> _EXERCISE_: The required result is every line of the records that includes "this".

> _EXCERPTED DATA_:
__________
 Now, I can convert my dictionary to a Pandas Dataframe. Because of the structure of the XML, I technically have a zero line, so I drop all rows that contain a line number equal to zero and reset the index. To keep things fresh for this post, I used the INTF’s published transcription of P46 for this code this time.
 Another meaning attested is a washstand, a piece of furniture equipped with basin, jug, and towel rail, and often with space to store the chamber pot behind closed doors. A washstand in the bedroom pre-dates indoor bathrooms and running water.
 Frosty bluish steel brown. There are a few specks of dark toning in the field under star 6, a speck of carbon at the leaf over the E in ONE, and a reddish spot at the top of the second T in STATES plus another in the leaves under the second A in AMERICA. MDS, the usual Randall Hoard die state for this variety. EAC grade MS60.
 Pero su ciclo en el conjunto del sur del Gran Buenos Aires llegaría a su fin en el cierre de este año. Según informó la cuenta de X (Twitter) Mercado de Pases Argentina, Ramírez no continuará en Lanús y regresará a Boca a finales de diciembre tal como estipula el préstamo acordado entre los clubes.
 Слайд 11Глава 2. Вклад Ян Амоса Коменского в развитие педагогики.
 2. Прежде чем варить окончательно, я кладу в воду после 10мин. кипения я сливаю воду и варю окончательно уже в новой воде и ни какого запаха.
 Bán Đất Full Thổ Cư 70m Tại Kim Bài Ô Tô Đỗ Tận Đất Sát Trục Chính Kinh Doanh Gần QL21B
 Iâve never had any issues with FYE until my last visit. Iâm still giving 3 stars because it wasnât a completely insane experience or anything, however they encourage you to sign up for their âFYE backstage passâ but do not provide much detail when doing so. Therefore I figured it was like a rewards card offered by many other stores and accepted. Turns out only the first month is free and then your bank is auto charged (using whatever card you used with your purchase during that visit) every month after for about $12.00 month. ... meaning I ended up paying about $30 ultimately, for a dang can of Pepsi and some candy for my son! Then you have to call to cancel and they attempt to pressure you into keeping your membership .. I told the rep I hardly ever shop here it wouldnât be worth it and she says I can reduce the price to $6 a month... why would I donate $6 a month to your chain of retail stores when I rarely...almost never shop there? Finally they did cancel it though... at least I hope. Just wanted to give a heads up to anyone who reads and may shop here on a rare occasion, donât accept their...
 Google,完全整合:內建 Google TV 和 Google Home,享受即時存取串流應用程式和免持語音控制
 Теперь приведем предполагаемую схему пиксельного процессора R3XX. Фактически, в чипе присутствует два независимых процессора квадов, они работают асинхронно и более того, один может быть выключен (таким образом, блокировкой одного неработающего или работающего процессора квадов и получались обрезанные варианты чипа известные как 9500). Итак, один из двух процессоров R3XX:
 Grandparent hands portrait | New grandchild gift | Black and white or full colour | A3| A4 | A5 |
__________
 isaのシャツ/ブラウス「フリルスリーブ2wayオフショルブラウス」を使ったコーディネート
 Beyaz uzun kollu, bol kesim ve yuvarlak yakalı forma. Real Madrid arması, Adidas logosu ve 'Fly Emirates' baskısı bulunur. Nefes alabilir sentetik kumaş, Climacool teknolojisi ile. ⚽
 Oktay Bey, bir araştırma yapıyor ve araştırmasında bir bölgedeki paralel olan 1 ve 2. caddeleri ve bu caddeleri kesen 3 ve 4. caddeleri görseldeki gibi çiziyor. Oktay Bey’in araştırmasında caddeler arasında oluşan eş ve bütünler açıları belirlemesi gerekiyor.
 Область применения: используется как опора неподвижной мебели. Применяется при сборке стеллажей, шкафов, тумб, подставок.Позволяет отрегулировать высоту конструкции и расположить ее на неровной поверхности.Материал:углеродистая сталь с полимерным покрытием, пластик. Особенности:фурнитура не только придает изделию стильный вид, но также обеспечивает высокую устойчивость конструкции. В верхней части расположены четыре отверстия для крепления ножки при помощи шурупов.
__________
> _EXERCISE OUTPUT_:
 Now, I can convert my dictionary to a Pandas Dataframe. Because of the structure of the XML, I technically have a zero line, so I drop all rows that contain a line number equal to zero and reset the index. To keep things fresh for this post, I used the INTF’s published transcription of P46 for this code this time.
 Frosty bluish steel brown. There are a few specks of dark toning in the field under star 6, a speck of carbon at the leaf over the E in ONE, and a reddish spot at the top of the second T in STATES plus another in the leaves under the second A in AMERICA. MDS, the usual Randall Hoard die state for this variety. EAC grade MS60.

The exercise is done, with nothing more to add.